Extracted data entries
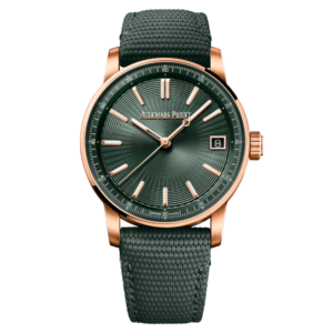 The Audemars Piguet Code 11.59 Chronograph (ref. 26393OR.OO.A056KB.01) showcases the Maison’s contemporary design language through a bold interplay of material and colour. Its 41mm case, crafted in 18-carat pink gold, is framed by the model’s signature octagonal midcase and double-curved sapphire crystal, while the gradient green dial offers a vivid backdrop to the applied hour markers and chronograph counters.
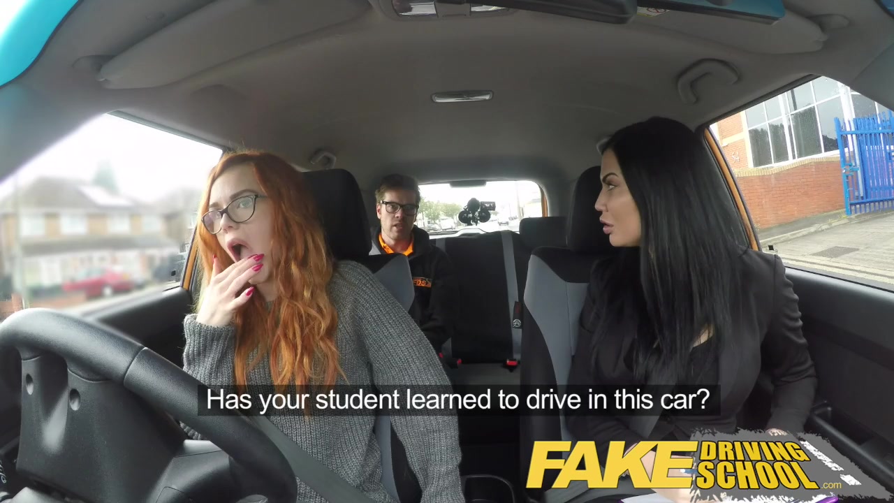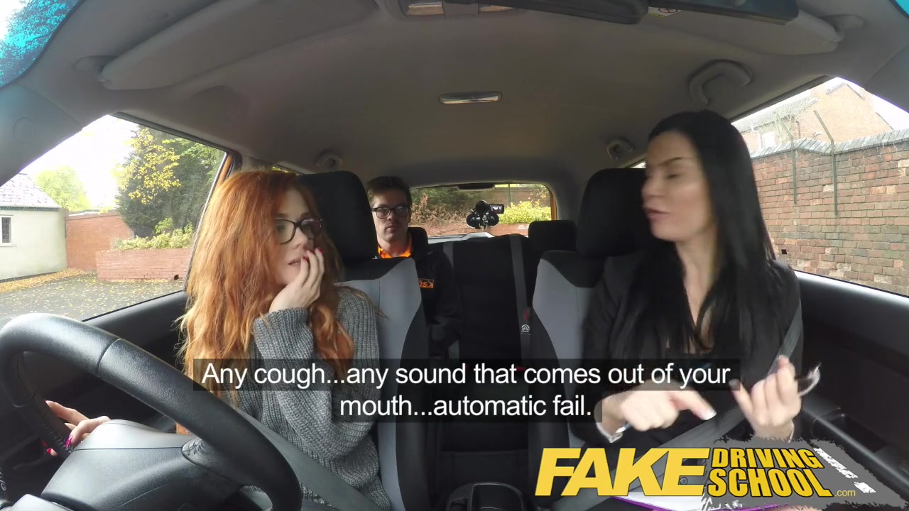 «Рыжеволосая девушка сев за руль автомобиля начала сдавать экзамен по вождению двум инструкторам, которые скептически относятся ко всем новичкам. Девчонка сразу почувствовала себя не в своей тарелке, и во время поездки она сильно занервничала. Поняв что у нее нет шансов получить желанные водительские права, красотка прибегла к своей внешности, с помощью которой она всегда получала желаемое. Рядом находившийся мужчина только обрадовался ее позывам, особенно когда ее идею поддержала еще одна сучка. В этот день телки осуществили все свои интимные желания прямо в салоне машины, получив в награду добротное семяизвержение из пениса кавалера.»
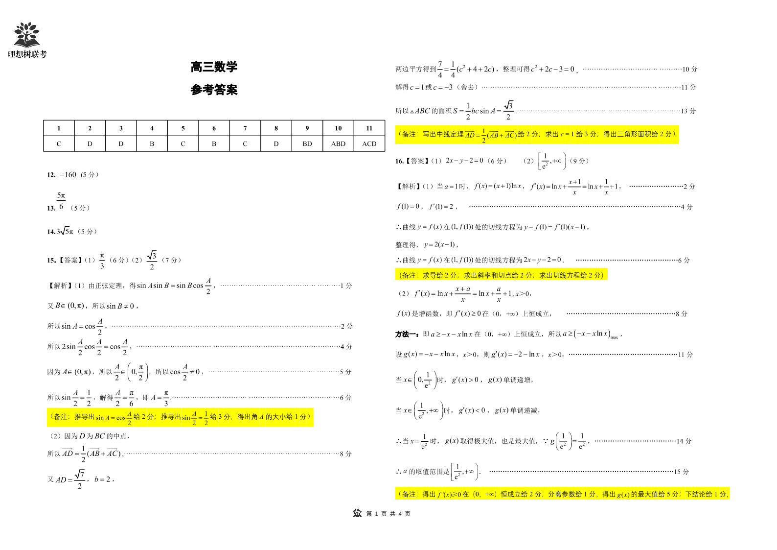 东北三省精准教学联盟2025届高三3月联考 数学答案.pdf
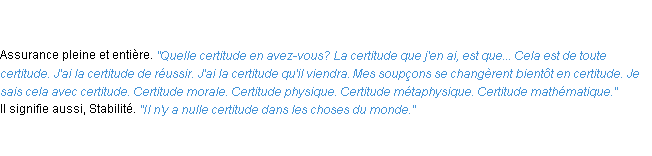 Ancienne signification éditée par l’Académie Française, année 1798.Merci à Michèle et Gaspard pour la numérisation du mot certitude.
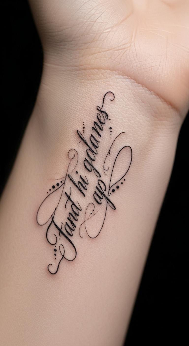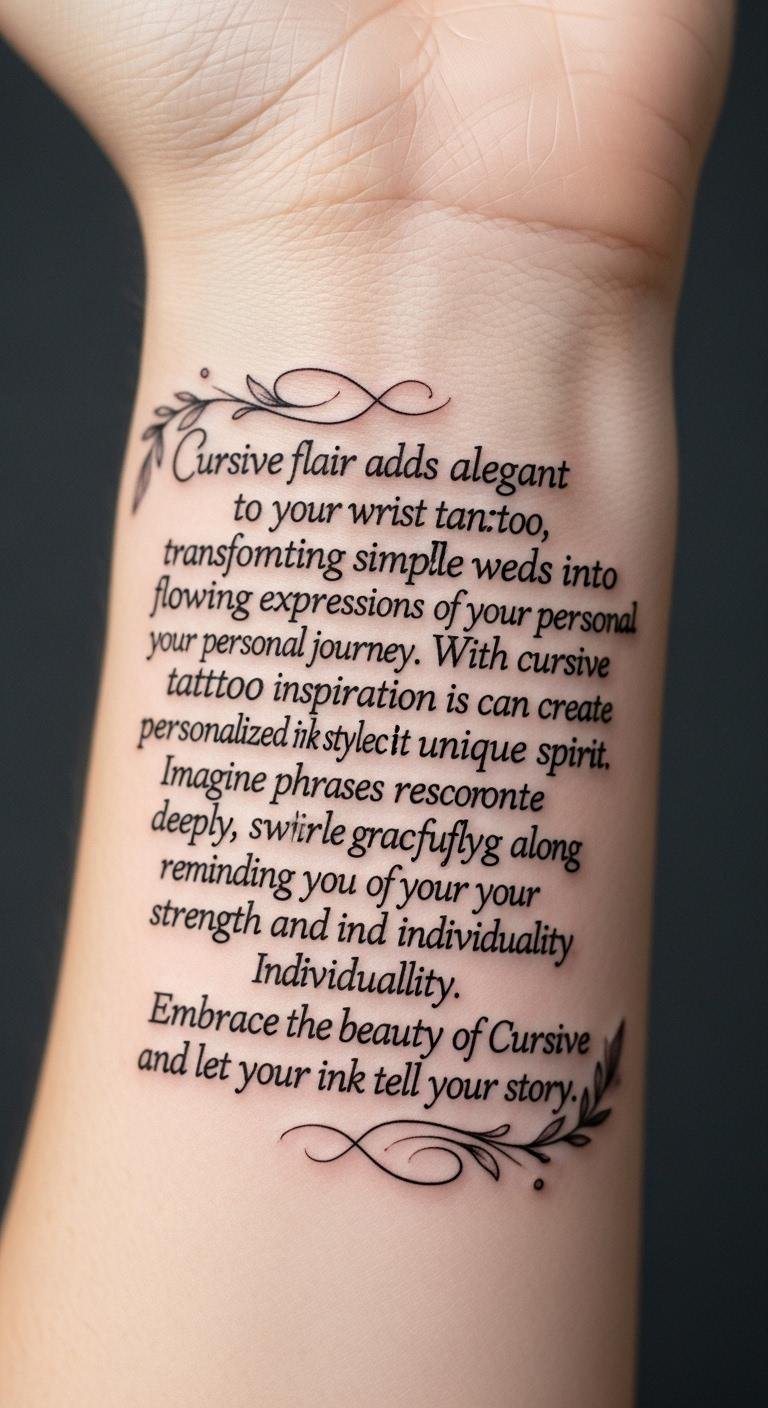 Cursive flair adds an elegant touch to your wrist tattoo, transforming simple words into flowing expressions of your personal journey.
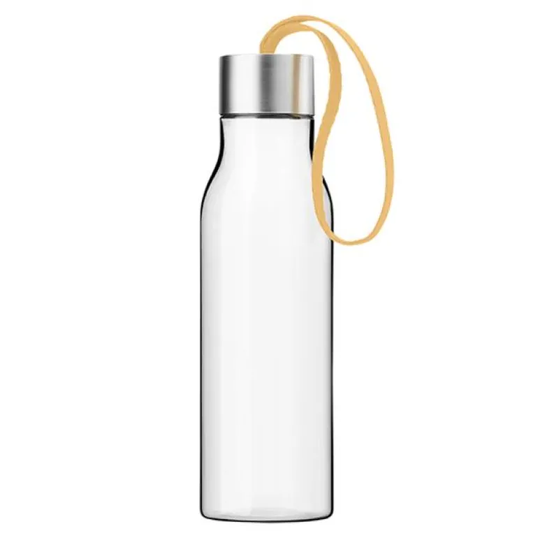 Praktisk drikkeflaske 0,5 liter med snor i fargen golden sand, fra Eva Solo. Drikkeflasken gjør det mulig å ha friskt vann tilgjengelig hele tiden. I vesken, på kontoret og til fritidsbruk. Den er 100 % tett, kan brukes igjen og igjen og belaster derfor ikke miljøet. Drikkeflasken er fremstilt i BPA-fri plast, noe som innebærer at den ikke inneholder bisfenol, ftalater eller tungmetaller.
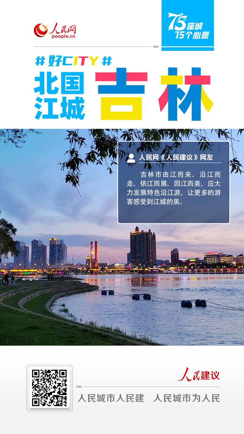 人民城市人民建,人民城市為人民。今年是新中國成立75周年,人民網(wǎng)《人民建議》欄目發(fā)起“75 座城,75個心愿”主題活動(點擊參與),誠摯邀請社會各界網(wǎng)民積極參與,為城市的繁榮與發(fā)展貢獻智慧。歡迎您加入討論,一起為吉林市建設發(fā)展建言獻策。
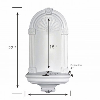 Wall Niches: Made of virtually indestructible high-density urethane our wall niches are cast from steel molds guaranteeing the highest quality on the market. High-precision steel molds provide a higher quality pattern consistency, design clarity & overall strength & durability. Lightweight they are easily installed with no special skills. Unlike plaster or wood urethane is resistant to cracking, warping or peeling. Factory-primed our wall niches are ready for finishing. Measures 22 in. high x 11 in. wide x 4 in. projection.
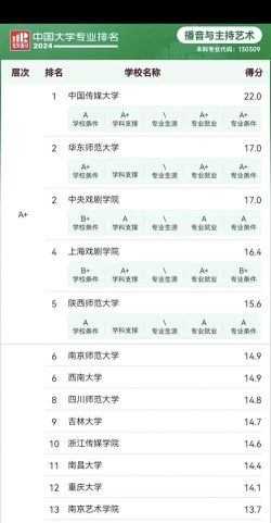 中国传媒大学在2024年全国播音与主持艺术专业排名中也位于前列,具体排名情况未详细列出。
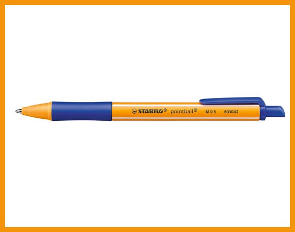 Stabilo Pointball on painomekanismilla varustettu kuulakärkikynä. Jopa 79-prosenttisesti kierrätysmuovista valmistettuun kynään on saatavilla myös vaihtosäiliö. Kynän rungossa on pehmustettu otepinta helpottamaan kirjoittamista ja sen muste on arkistokelpoista (ISO 12757-2).Musteen väri: sininen

** What is needed **
Since only the text is wanted, repeat all the records above exactly and omit the pictures.

** Answer section **
 The Audemars Piguet Code 11.59 Chronograph (ref. 26393OR.OO.A056KB.01) showcases the Maison’s contemporary design language through a bold interplay of material and colour. Its 41mm case, crafted in 18-carat pink gold, is framed by the model’s signature octagonal midcase and double-curved sapphire crystal, while the gradient green dial offers a vivid backdrop to the applied hour markers and chronograph counters.
 «Рыжеволосая девушка сев за руль автомобиля начала сдавать экзамен по вождению двум инструкторам, которые скептически относятся ко всем новичкам. Девчонка сразу почувствовала себя не в своей тарелке, и во время поездки она сильно занервничала. Поняв что у нее нет шансов получить желанные водительские права, красотка прибегла к своей внешности, с помощью которой она всегда получала желаемое. Рядом находившийся мужчина только обрадовался ее позывам, особенно когда ее идею поддержала еще одна сучка. В этот день телки осуществили все свои интимные желания прямо в салоне машины, получив в награду добротное семяизвержение из пениса кавалера.»
 东北三省精准教学联盟2025届高三3月联考 数学答案.pdf
 Ancienne signification éditée par l’Académie Française, année 1798.Merci à Michèle et Gaspard pour la numérisation du mot certitude.
 Cursive flair adds an elegant touch to your wrist tattoo, transforming simple words into flowing expressions of your personal journey.
 Praktisk drikkeflaske 0,5 liter med snor i fargen golden sand, fra Eva Solo. Drikkeflasken gjør det mulig å ha friskt vann tilgjengelig hele tiden. I vesken, på kontoret og til fritidsbruk. Den er 100 % tett, kan brukes igjen og igjen og belaster derfor ikke miljøet. Drikkeflasken er fremstilt i BPA-fri plast, noe som innebærer at den ikke inneholder bisfenol, ftalater eller tungmetaller.
 人民城市人民建,人民城市為人民。今年是新中國成立75周年,人民網(wǎng)《人民建議》欄目發(fā)起“75 座城,75個心愿”主題活動(點擊參與),誠摯邀請社會各界網(wǎng)民積極參與,為城市的繁榮與發(fā)展貢獻智慧。歡迎您加入討論,一起為吉林市建設發(fā)展建言獻策。
 Wall Niches: Made of virtually indestructible high-density urethane our wall niches are cast from steel molds guaranteeing the highest quality on the market. High-precision steel molds provide a higher quality pattern consistency, design clarity & overall strength & durability. Lightweight they are easily installed with no special skills. Unlike plaster or wood urethane is resistant to cracking, warping or peeling. Factory-primed our wall niches are ready for finishing. Measures 22 in. high x 11 in. wide x 4 in. projection.
 中国传媒大学在2024年全国播音与主持艺术专业排名中也位于前列,具体排名情况未详细列出。
 Stabilo Pointball on painomekanismilla varustettu kuulakärkikynä. Jopa 79-prosenttisesti kierrätysmuovista valmistettuun kynään on saatavilla myös vaihtosäiliö. Kynän rungossa on pehmustettu otepinta helpottamaan kirjoittamista ja sen muste on arkistokelpoista (ISO 12757-2).Musteen väri: sininen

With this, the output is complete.